Apart from imatinib, other TKIs have also been used in other sarcoma histological subtypes. Pazopanib is a multi-targeted inhibitor of TK approved for use in renal cell carcinoma, ovarian cancer and, more recently, STS (30). In the treatment of STS, It was initially shown to have significant responses in the phase II setting in leiomyosarcoma, synovial sarcoma and other STS. Its activity in liposarcoma is less clear (31). Subsequently in a recently concluded phase III study of those responding subtypes, 369 angiogenesis inhibitor-naïve patients with metastatic STS who had failed first line chemotherapy were recruited. Patients were assigned randomly in the ratio of 2:1 (experiment:placebo). Patients in the experimental group were given pazopanib 800 mg daily. Median PFS were 4.6 months [95% confidence interval (CI): 3.7-4.8 months] and 1.6 months (0.9-1.8 months) for pazopanib and placebo respectively. OS were 12.5 and 10.7 months with pazopanib and placebo respectively. Although grade 3-4 toxicities were more common in the experimental group, they were generally well-tolerated (32). As a result of this study, STS is now also an approved indication. More importantly, pazopanib is the first new drug approved for treatment of non-GIST STS in many years. Its indication for leiomyosarcoma, synovial sarcoma and other non-GIST sarcoma has provided a new treatment option for this group of rare tumors. Further exploration of the less sensitive subtypes, such as liposarcoma, is on-going.

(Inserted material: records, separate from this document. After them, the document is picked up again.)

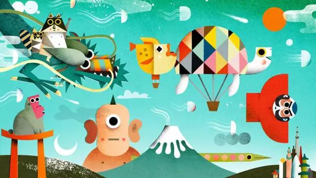 最后的这幅画,来自日本的意大利插画家乔达诺,整幅画色彩绚丽、表现夸张、充满童趣与想象力:流动的水母、背着降落伞的乌龟、大眼大耳长着触角的怪人、骑着巨龙的浣熊……这一切都激发着我们的好奇心。画面中的世界是流动而鲜活的,仿若一个充满双子能量的世界,引人入胜、充满了未知的可能。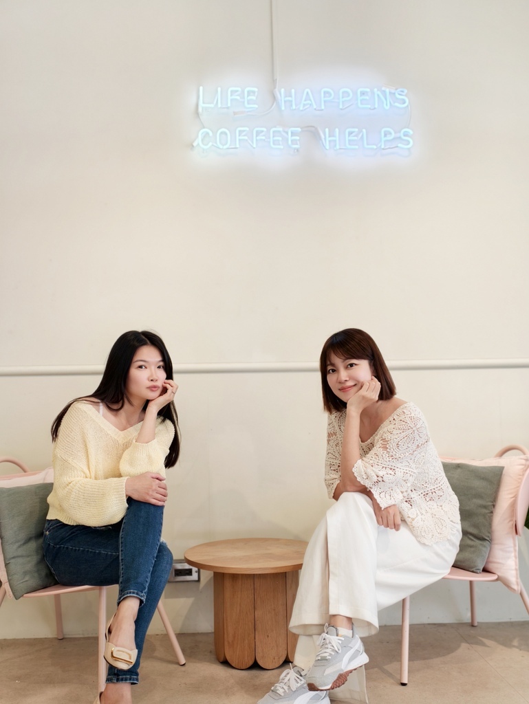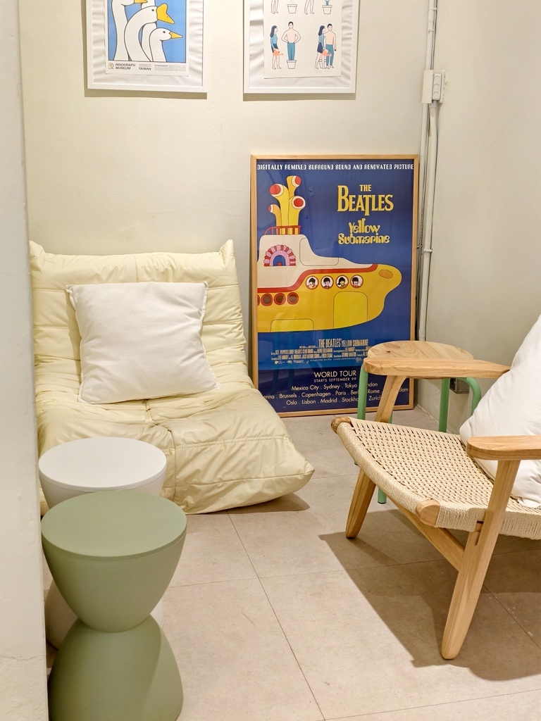 走進店裡,氛圍超舒服!奶油白+木質調為主視覺,有些插畫與復古海報妝點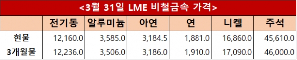 런던금속거래소(LME) 지난달 31일(현지시간) 기준 전기동 현물과 3개월물은 각각 톤당 12,160달러와 12,236달러를 기록했으며 알루미늄은 3,585달러와 3,506달러, 아연은 3,184.5달러와 3,186달러로 집계됐다. 연은 1,881달러와 1,910달러, 니켈은 16,860달러와 17,090달러, 주석은 45,610달러와 46,000달러를 나타냈다.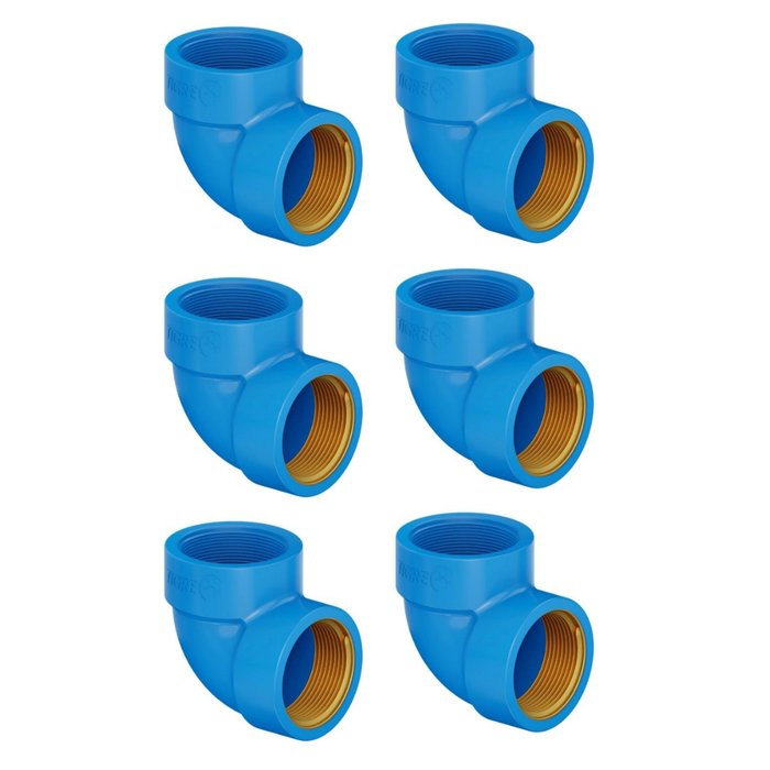 Kit 6 Joelho Cotovelo 90º Pvc Rosca Latão 32mmx3/4'' Azul

The signal transducer and activator of transcription 3 (STAT3) inhibitors
The STAT3 pathway is an important regulator of differentiation, proliferation, survival and angiogenesis of a normal human cell. Constitutive activation of STAT3 has been found to be involved in a number of cancers, and more recently and relevantly STS (33). The use of STAT3 inhibitors in STS is still in pre-clinical experimentation. Wang and colleagues have explored this potential. Following Western Blot data showing that 5 out of 6 STS cell lines expressed constitutively activated STAT3, they used the STAT3 inhibitor S3I-201 and showed an anti-proliferative effect on the majority of STS cell lines that harbored aberrant STAT3 (34). More pre-clinical in vivo studies are awaited.

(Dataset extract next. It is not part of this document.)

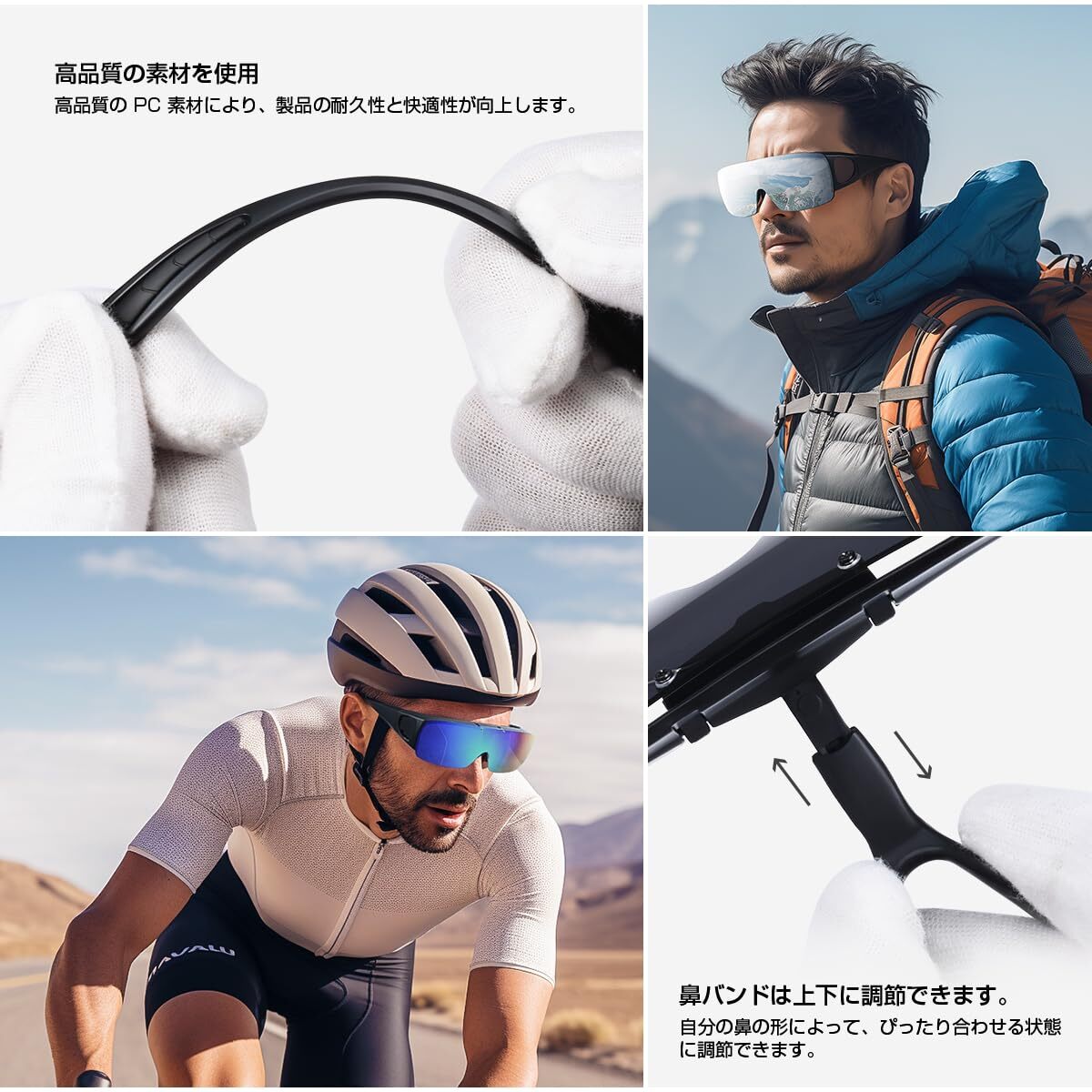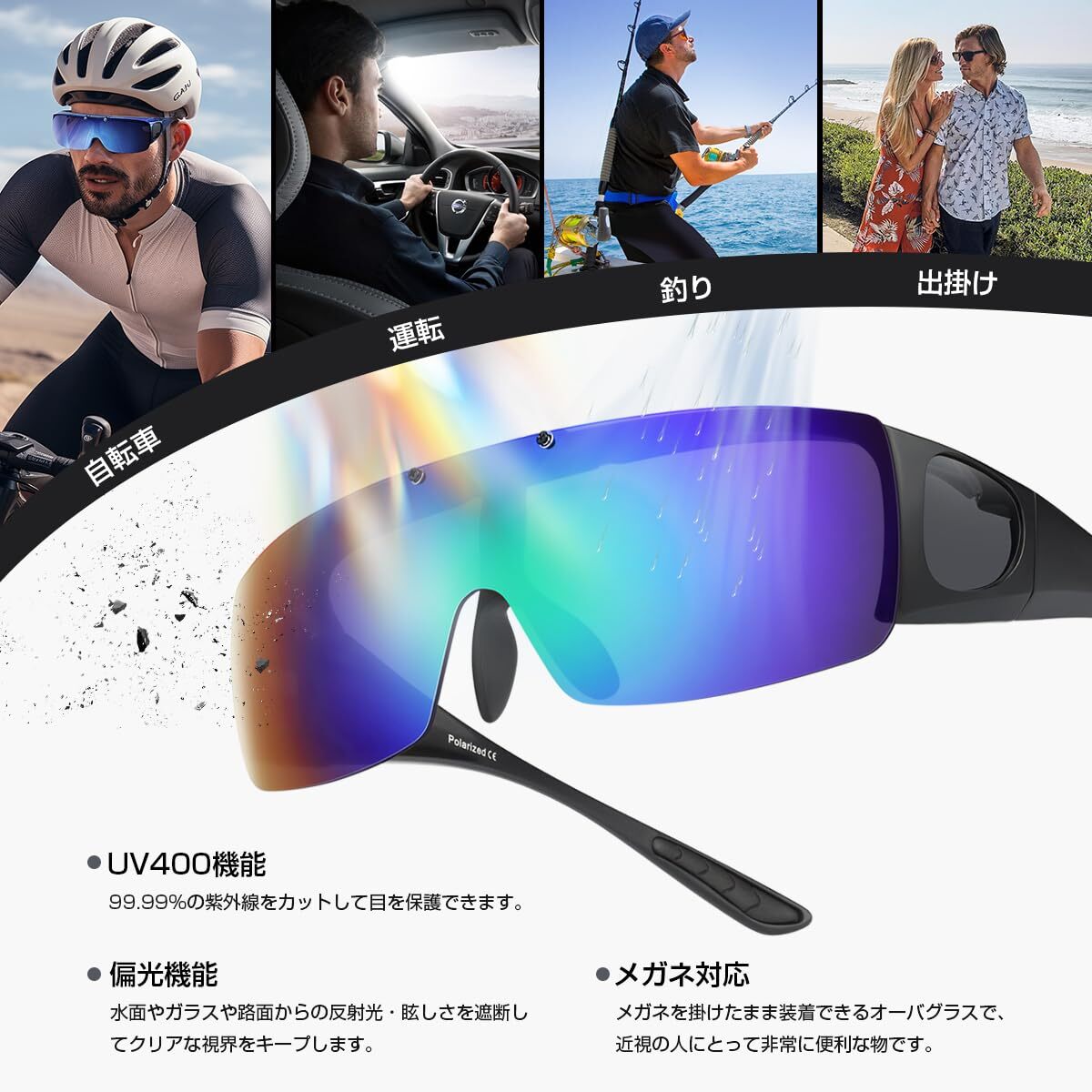 サイクリング、釣り、ランニング、野球 紫外線カット UV400 跳ね上げ式 格好いいサングラス メガネをかけたまま対応のサングラス

The mTOR pathway tightly regulates protein synthesis and cell homeostasis. Deregulation of this pathway is strongly linked to many hematological malignancies and solid tumors. In the mTOR pathway, the activation of a TK leads to activation of PI3K. Activated PI3K induces the activation of AKT, which in turns activate mTOR. This pathway is tightly regulated, for example by pTEN which inhibits PI3K (9), Aberrant expression or activation of any of these downstream signaling proteins contributes to tumor progression (35). GISTs, for example, have a high frequency of mutation of TK receptors, while other non-GISTs have a significant deregulation of the IGFR1 pathway, both of which lead to up-regulation of the mTOR pathway (36).
mTOR inhibitors have shown clinical activity in renal carcinoma, pancreatic neuroendocrine tumors and breast carcinoma (37-42). In STS there is emerging evidence of activity. An example of a non-GIST sarcoma in which mTOR inhibition has potential is perivascular epithelioid cell tumor (PEComa). PEComas are a group of rare sarcoma that has a high frequency of the tuberous sclerosis complex. Both TSC1 and TSC2 genes commonly implicated. Recent published data has suggested that mTOR inhibition has significant activity against PEComas (43), although there are cases of resistance (44).

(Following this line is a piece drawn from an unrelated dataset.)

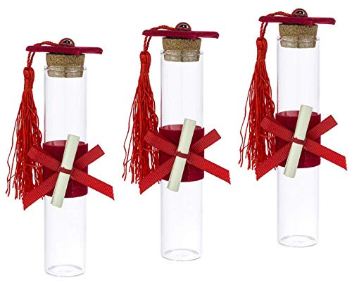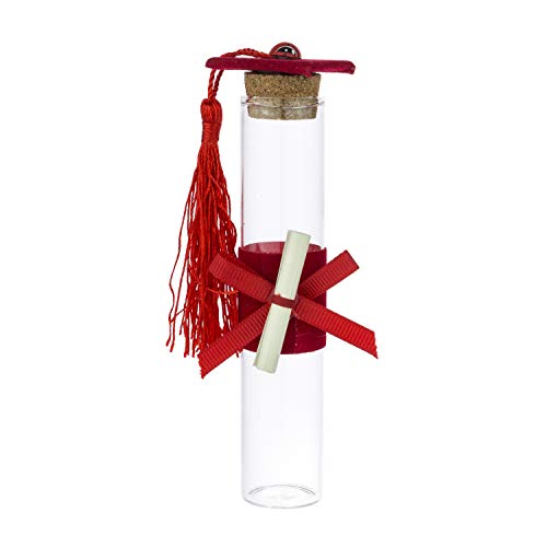 PuntoCasaStore 12X Provetta Portaconfetti Vetro Laurea con Nappina Tocco Rosso 12x2.5 cm BOMBONIERA

Ridaforolimus is a mTOR inhibitor that has been trialed for advanced bone and soft tissue sarcoma. Patients with a wide range of histological subtypes who had received a variety of chemotherapy regimens and shown a response then received ridaforolimus 12.5 mg IV over 30 minutes once daily for 5 days every 2 weeks. Efficacy assessment and restaging was done every 8 weeks until disease progression or treatment plan change. A total of 212 patients were evaluated, 61 patients (28.8%) had clinical benefit response (CBR). Median PFS and OS were 15.3 and 40 weeks, respectively. Main adverse effects were stomatitis, rash, mouth ulceration, mucosal inflammation, and fatigue but were generally well-tolerated (45). However, this trial did not distinguish the outcome of the different histological subtypes, but rather analyzed them as a whole. A subsequent phase III trial was conducted to examine ridaforolimus as maintenance therapy after standard cytotoxic chemotherapy. Patients were randomized. The experimental group had 40 mg ridaforolimus once daily 5 days each week. The primary endpoint was PFS and secondary endpoint was OS, safety and tolerability. Median OS was 93.3 weeks with ridaforolimus compared with 83.4 weeks of the placebo group [hazard ratio (HR) =0.88; 95% CI: 0.72-1.08; P=0.23]. However PFS was significantly improved (HR =0.72; 95% CI: 0.61-0.85; P=0.0001; median PFS: 17.7 vs. 14.6 weeks). Drug was again well tolerated with predictable adverse events as seen in the previous phase II trial. Although these trials have shown statistically significant changes, their clinical impact is less clear (46). Additional studies using another mTOR inhibitor, everolimus are ongoing (36).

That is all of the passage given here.